In the listing that follows, find the line with "截至2024年,公司经营活动", then copy exactly from it through the line with "Pamiętając o Dniu", leaving out every picture.

(INPUT DATA begins)

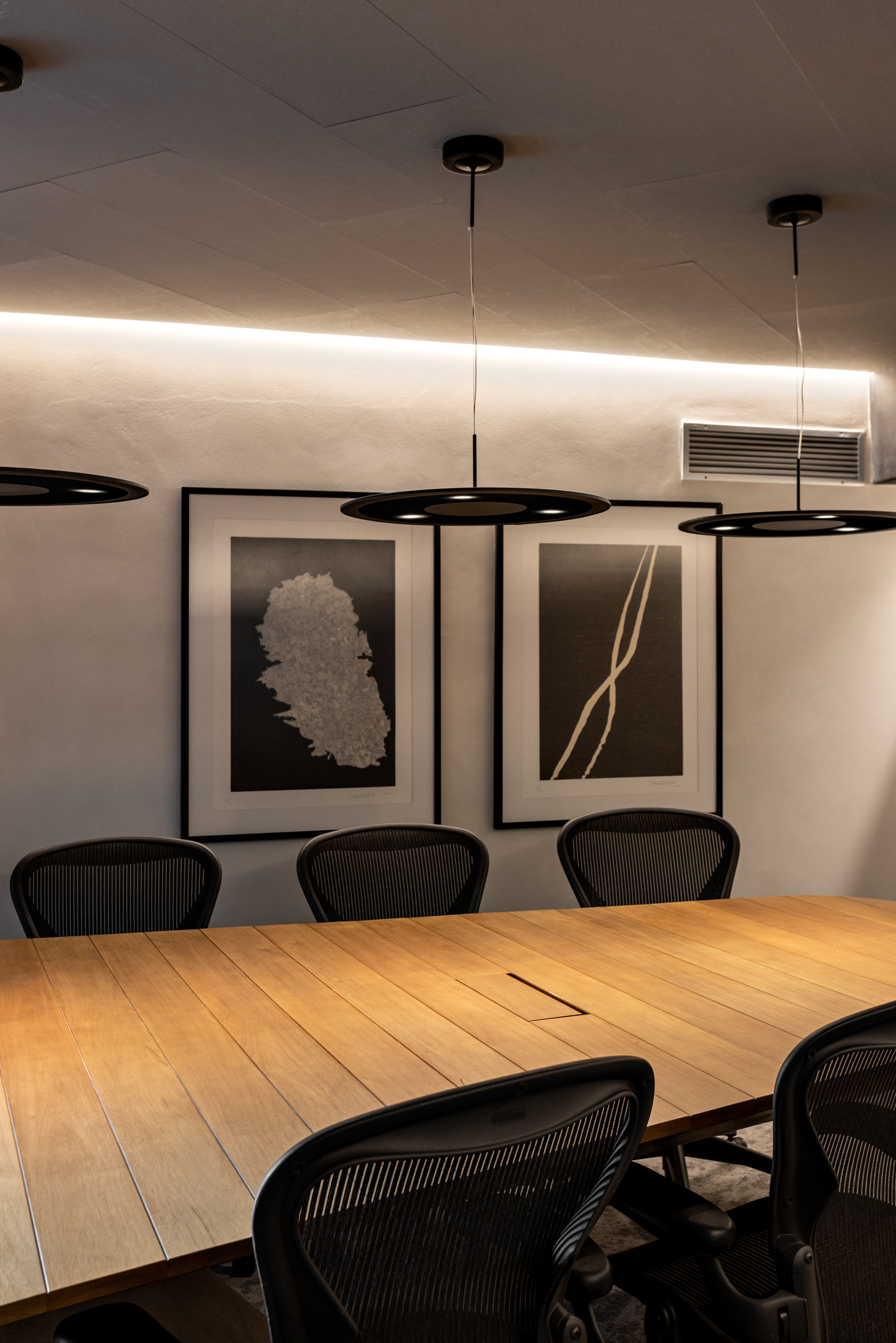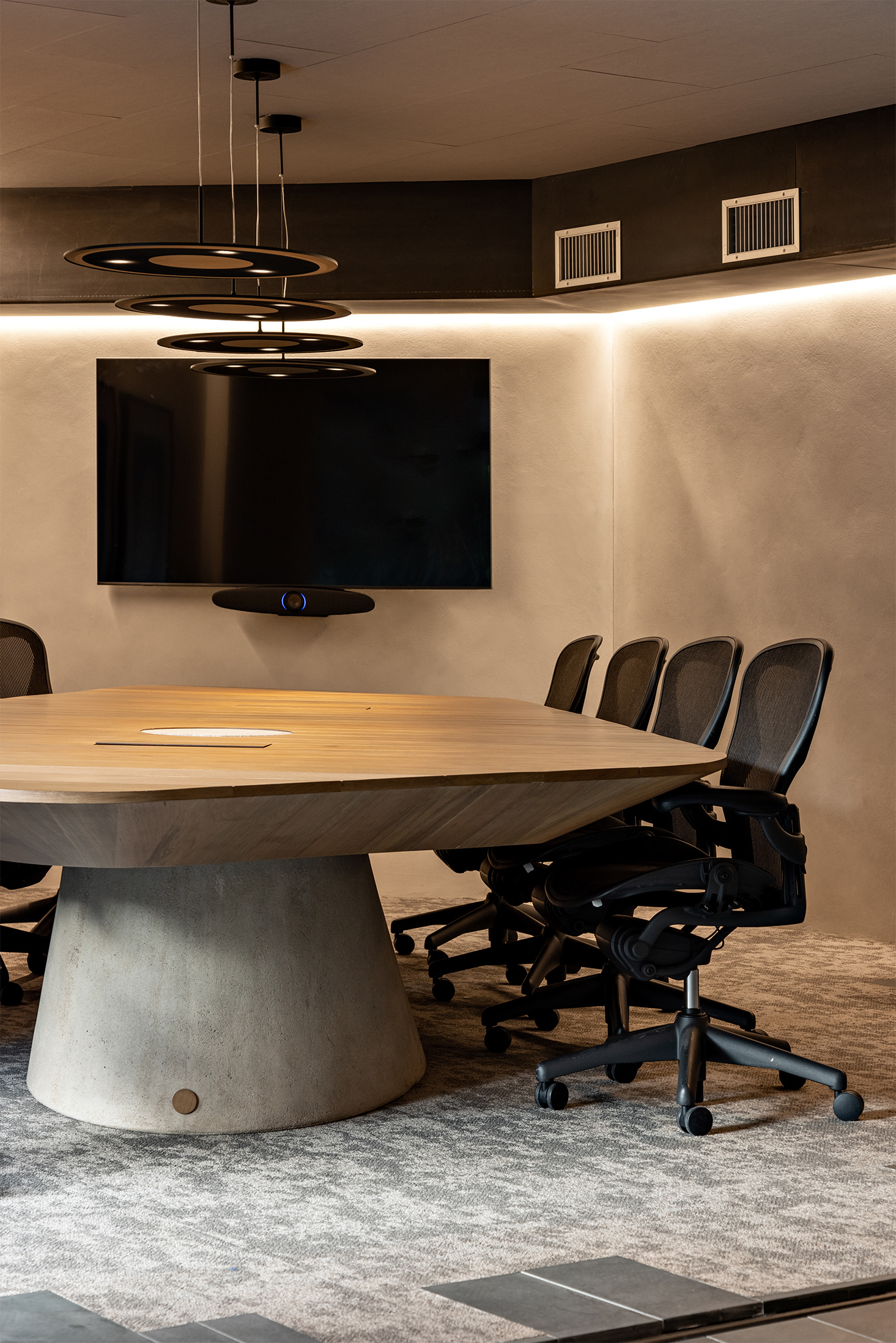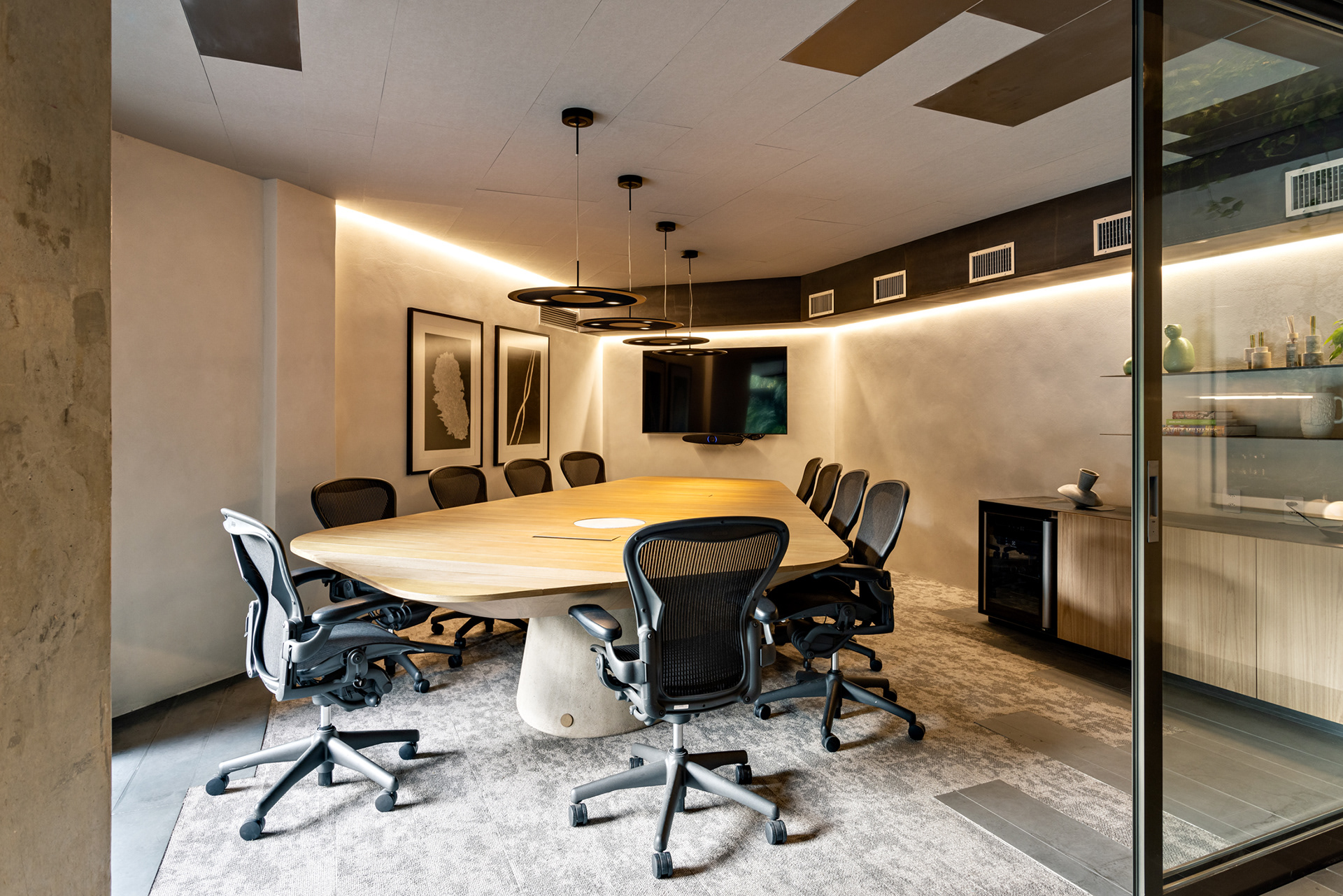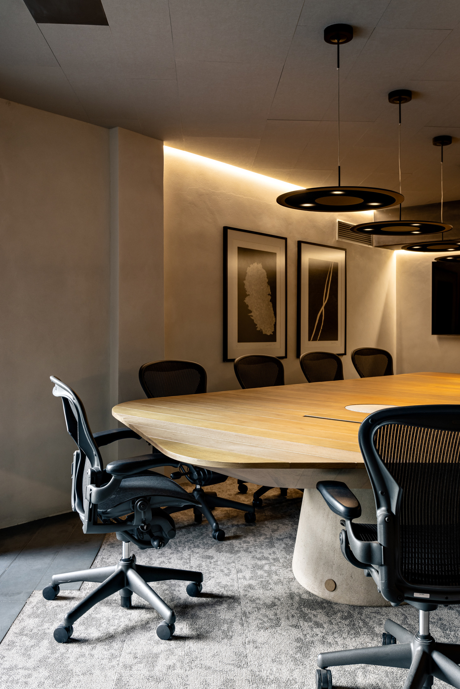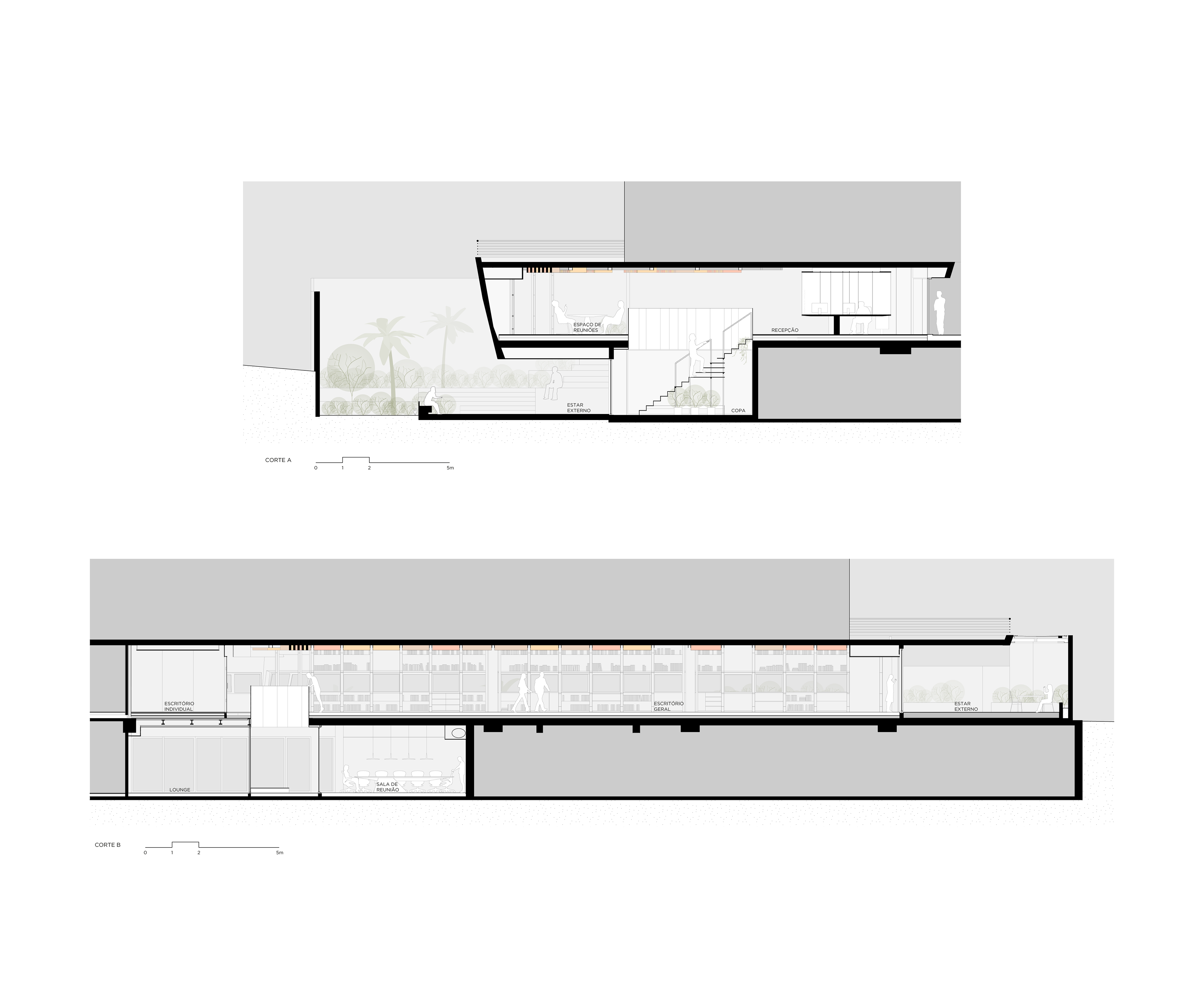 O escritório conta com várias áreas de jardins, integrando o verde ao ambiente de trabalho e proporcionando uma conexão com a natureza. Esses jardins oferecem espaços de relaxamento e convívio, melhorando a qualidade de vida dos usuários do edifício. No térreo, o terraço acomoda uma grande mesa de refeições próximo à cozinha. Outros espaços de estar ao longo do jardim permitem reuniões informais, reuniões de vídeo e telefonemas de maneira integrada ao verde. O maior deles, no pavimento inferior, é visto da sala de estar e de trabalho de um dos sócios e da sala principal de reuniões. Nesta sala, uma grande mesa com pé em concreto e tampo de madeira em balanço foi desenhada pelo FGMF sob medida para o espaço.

(INPUT DATA ends)
(INPUT DATA begins)

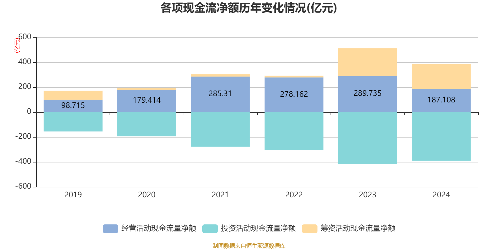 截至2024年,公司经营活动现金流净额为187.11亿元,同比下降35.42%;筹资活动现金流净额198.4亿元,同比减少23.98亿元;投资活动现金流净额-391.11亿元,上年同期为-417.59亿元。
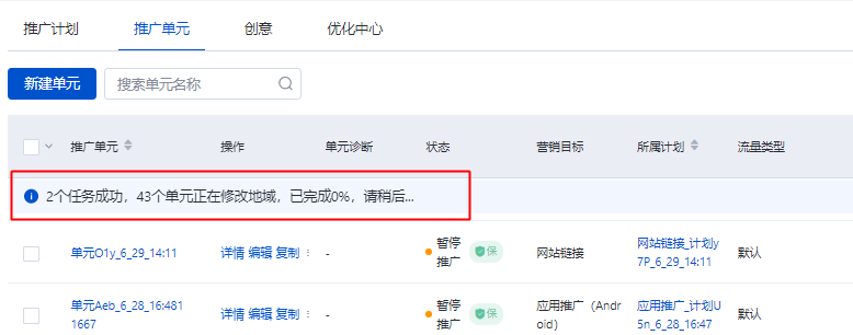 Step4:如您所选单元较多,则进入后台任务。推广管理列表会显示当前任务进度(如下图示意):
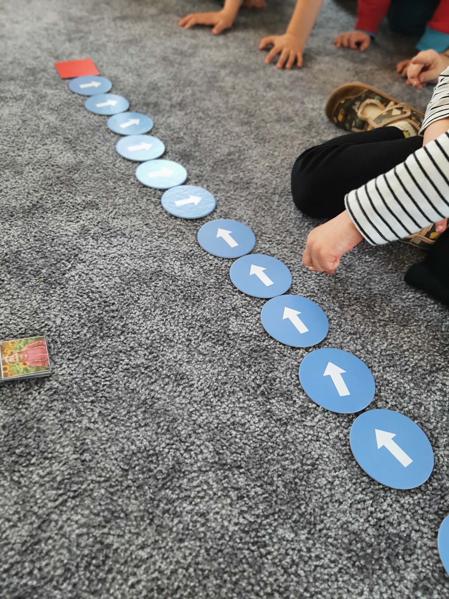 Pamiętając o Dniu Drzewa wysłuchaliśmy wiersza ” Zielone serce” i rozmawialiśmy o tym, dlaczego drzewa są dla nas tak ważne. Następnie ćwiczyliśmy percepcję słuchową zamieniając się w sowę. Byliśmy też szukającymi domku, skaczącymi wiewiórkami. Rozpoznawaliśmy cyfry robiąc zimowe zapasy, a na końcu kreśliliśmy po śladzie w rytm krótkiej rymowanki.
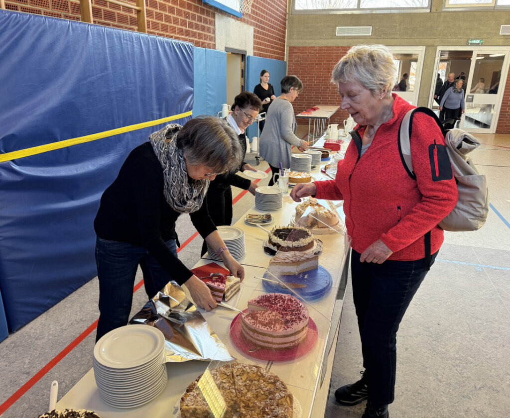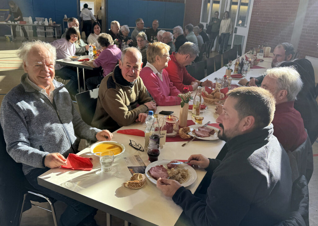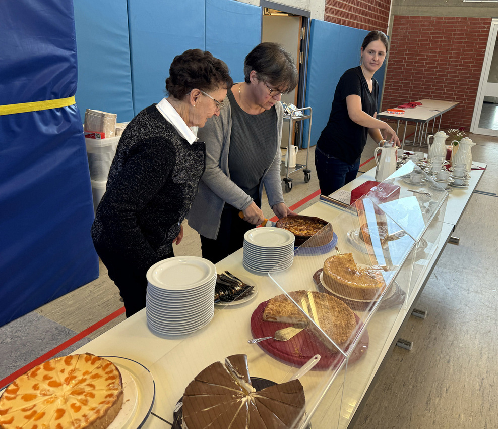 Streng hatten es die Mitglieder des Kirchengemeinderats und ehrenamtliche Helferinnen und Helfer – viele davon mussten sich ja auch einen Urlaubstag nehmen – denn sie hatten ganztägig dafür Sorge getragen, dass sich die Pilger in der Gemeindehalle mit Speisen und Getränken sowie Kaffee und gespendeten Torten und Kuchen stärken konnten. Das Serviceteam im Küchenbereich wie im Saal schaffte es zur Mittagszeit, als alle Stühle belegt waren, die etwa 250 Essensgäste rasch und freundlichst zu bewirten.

(INPUT DATA ends)
(INPUT DATA begins)

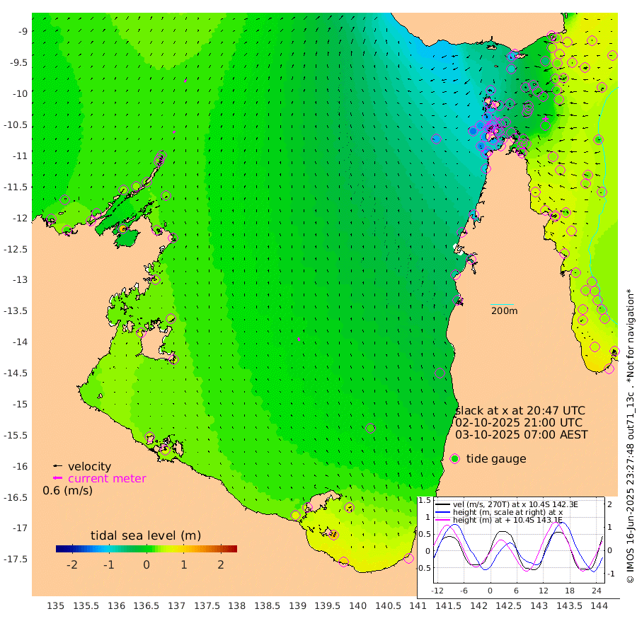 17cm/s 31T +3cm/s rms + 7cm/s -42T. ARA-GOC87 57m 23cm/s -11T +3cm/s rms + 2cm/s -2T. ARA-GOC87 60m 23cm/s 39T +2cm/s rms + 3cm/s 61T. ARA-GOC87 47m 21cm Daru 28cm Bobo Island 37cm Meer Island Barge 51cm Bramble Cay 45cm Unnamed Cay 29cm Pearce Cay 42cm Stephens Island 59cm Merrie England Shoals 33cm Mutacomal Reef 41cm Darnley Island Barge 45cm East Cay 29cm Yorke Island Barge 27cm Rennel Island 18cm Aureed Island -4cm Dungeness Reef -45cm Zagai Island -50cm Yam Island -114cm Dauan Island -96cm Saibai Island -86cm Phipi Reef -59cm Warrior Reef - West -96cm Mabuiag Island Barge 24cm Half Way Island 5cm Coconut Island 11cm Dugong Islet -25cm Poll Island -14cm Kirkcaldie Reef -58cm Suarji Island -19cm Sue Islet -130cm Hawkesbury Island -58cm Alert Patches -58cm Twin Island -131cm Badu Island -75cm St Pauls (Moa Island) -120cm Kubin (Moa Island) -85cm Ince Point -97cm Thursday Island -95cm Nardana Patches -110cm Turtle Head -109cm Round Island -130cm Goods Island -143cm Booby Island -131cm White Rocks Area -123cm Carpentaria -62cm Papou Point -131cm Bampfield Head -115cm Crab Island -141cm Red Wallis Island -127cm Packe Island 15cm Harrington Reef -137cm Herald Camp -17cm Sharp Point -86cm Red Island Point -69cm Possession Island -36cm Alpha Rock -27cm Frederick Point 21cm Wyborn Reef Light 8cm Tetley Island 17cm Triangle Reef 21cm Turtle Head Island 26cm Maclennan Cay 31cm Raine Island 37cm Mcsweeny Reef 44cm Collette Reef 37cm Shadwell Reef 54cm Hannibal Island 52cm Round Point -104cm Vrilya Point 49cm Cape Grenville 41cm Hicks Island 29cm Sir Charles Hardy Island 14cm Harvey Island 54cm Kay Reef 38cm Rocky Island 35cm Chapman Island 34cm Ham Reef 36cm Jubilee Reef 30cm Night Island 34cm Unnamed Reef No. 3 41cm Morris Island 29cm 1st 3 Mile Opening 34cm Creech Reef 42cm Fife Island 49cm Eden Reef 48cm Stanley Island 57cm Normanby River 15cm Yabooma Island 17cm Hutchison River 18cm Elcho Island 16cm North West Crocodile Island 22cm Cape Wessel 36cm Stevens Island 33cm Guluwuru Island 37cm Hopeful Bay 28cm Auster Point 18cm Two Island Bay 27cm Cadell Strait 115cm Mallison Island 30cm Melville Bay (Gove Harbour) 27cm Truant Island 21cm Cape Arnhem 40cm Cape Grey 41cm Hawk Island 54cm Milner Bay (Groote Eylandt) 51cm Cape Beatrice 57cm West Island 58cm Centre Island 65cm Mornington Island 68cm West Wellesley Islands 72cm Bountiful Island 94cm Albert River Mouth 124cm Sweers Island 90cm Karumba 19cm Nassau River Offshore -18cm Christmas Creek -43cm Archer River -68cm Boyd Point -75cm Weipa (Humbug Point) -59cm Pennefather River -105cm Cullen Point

(INPUT DATA ends)

### [RESULT OF THE EXERCISE]
 截至2024年,公司经营活动现金流净额为187.11亿元,同比下降35.42%;筹资活动现金流净额198.4亿元,同比减少23.98亿元;投资活动现金流净额-391.11亿元,上年同期为-417.59亿元。
 Step4:如您所选单元较多,则进入后台任务。推广管理列表会显示当前任务进度(如下图示意):
 Pamiętając o Dniu Drzewa wysłuchaliśmy wiersza ” Zielone serce” i rozmawialiśmy o tym, dlaczego drzewa są dla nas tak ważne. Następnie ćwiczyliśmy percepcję słuchową zamieniając się w sowę. Byliśmy też szukającymi domku, skaczącymi wiewiórkami. Rozpoznawaliśmy cyfry robiąc zimowe zapasy, a na końcu kreśliliśmy po śladzie w rytm krótkiej rymowanki.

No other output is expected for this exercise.